Provide and/or put up outside the property a 'For Sale' board containing [The Private Sale Company] contact details.
The ready, willing and able purchaser agreement is not very user friendly, it means that if the agent brings you a buyer that is ready, willing and able to purchase your home you pay them the commission, whether the sale completes or not.
So, What's the Best Way to Sell UK Property in the 21st Century
With this new method (dual-selling) in hand, of course the best way to sell a house in the 21st century is to have the best of both worlds. Using an estate agent will get your property on to the big hitters like Rightmove, Zoopla, Find a Property and Primelocation. Not having your home on those sites costs your home potentially millions of online views and god knows how many enquiries and viewings.
But there are thousands of private home selling sites that allow you to list for free, and many more sites that can bring thousands of online views for your property, so not listing on those would also risk losing out on exposure, and possibly the chance to sell without paying commission.

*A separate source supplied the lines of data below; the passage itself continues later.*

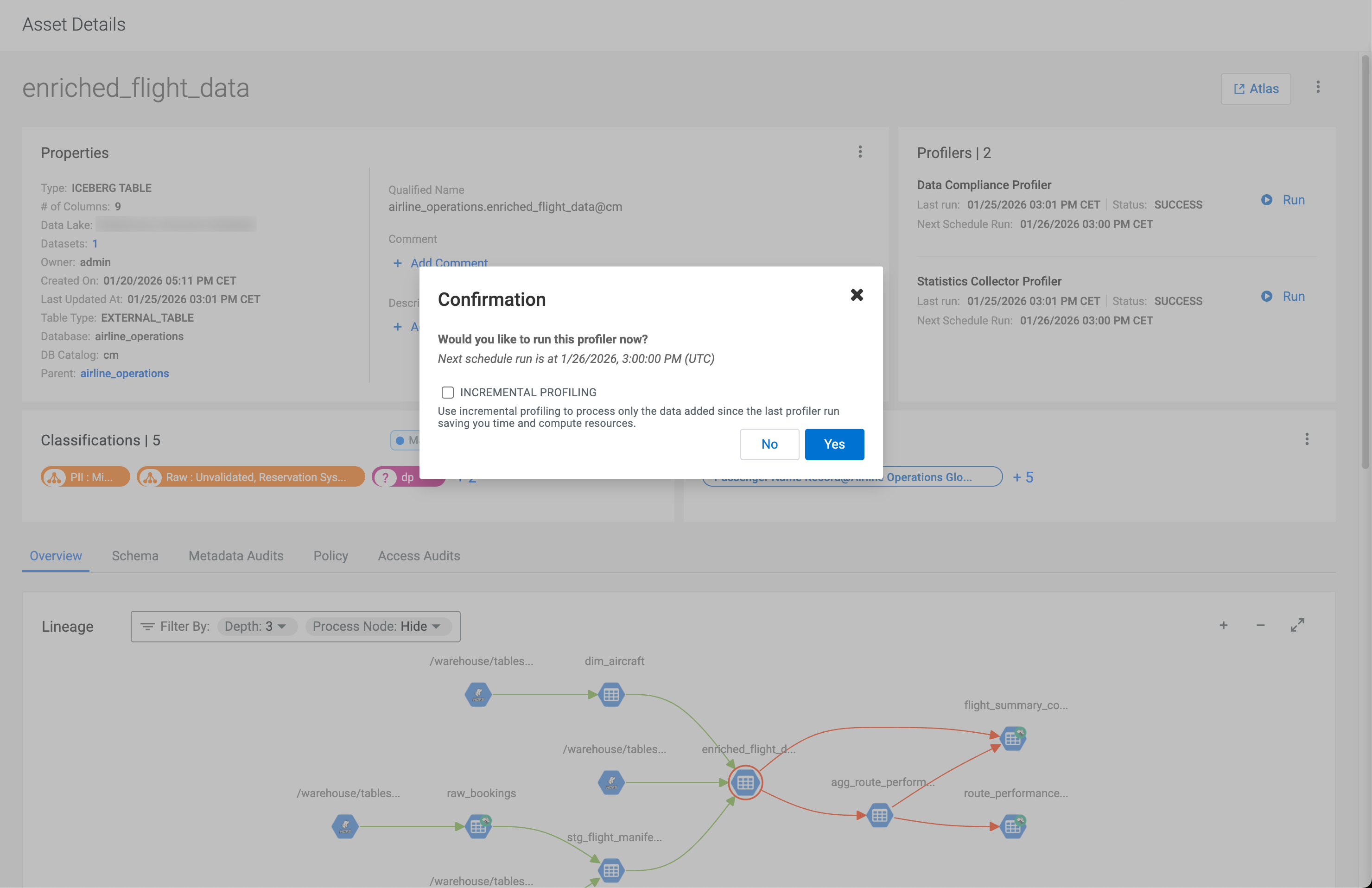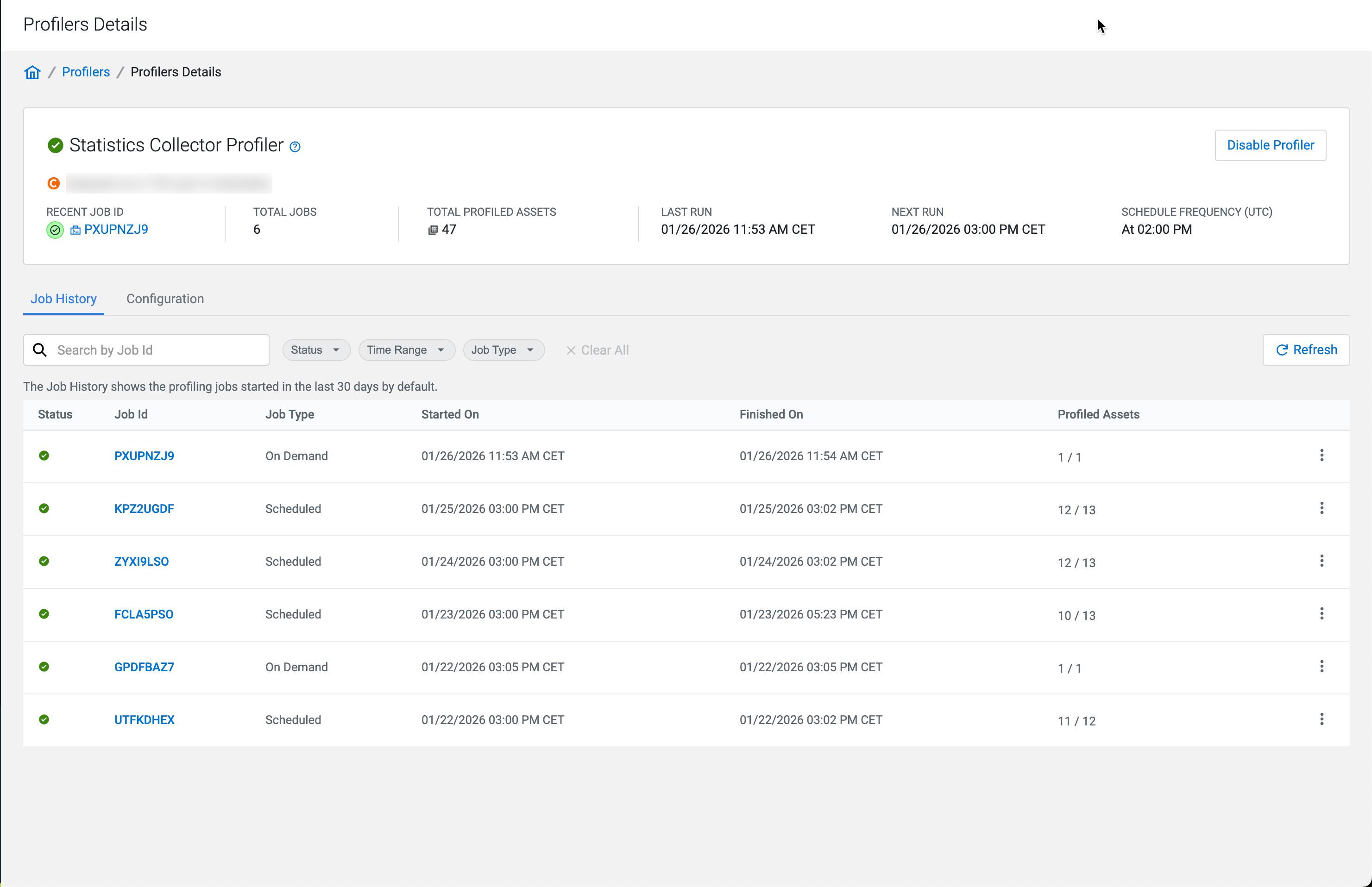 You can use On-Demand Profilers to profile specific assets without depending on the cron-based scheduling of profilers jobs. The On-Demand Profiler option is available in the Asset Details of the selected asset.
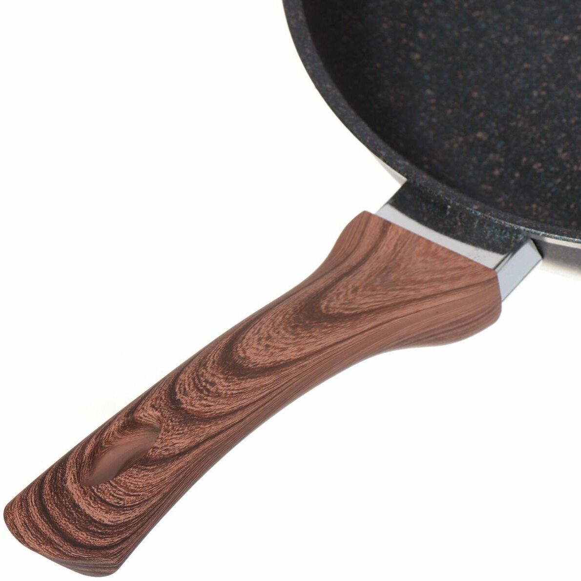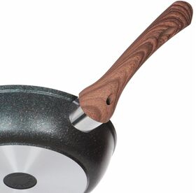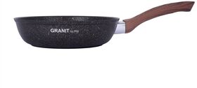 Сковорода диаметром 26см с пластиковой ручкой (бакелитовое покрытие), диаметр дна 19см, высота бортов 6см, толщина дна 6мм, толщина бортов 4,5мм, изготовлена из литого алюминия и покрыта уникальным ультрапрочным антипригарным покрытием «Ultra granit».
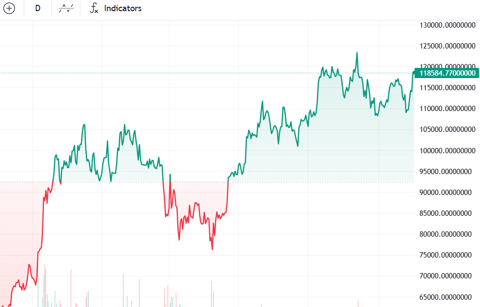 ビットコインは過去1週間で6%以上急騰し、8月15日以来初めて$118,500のラインを回復したとデータは示しています。

Online Agent or a Traditional Agent?
This is a pretty simple choice actually. If you can whole-heartedly see that the internet dominates home-selling and think you can handle your own viewings and negotiations, then an online agent is a no-brainer. If not then a high street agent is probably your choice.
Where to Advertise Privately?
So, you choose your estate agent to get listed on the big online portals and possibly also to handle viewings. Next is to choose where and how you will advertise yourself. It's a simple formula; you want to get the widest exposure for the lowest price. So start by listing on the big portals that are also free: Ebay, Gumtree, Tepilo, and the Little House Company are the big 4 free sites. And Houseweb will get you onto Fish4Homes and many other big sites for £125,
Apart from those your best bet is to find sites using Google search. Google is the biggest search engine, and millions of people use it to search for property for sale every day. If you come across property search engines like Nestoria or propertyads.co.uk in the top results, then look at their listings to see which sites they pull properties from and list on one or all of them.
For example if I wanted to sell a property in Scunthorpe, I would search houses for sale in Scunthorpe and see which of the top 10 sites would allow me to list privately, as those will likely get a good number of visitors looking to buy a house in Scunthorpe. You can then run similar searches to find more places to list, and also inspect the sites advertising for these terms in the paid results.
Then there is niche marketing; finding buyers based on the special attributes of your home. For example, if your home comes with rights to fish a stretch of river, then you may find buyers on fishing sites, likewise for if your home has access to land or stables, you may find buyers on equestrian or farming sites.
Again, you know your home better than anyone else, and you know what you love about and so what other people will as well. Thus, you can potentially create a far better listing than an estate agent would.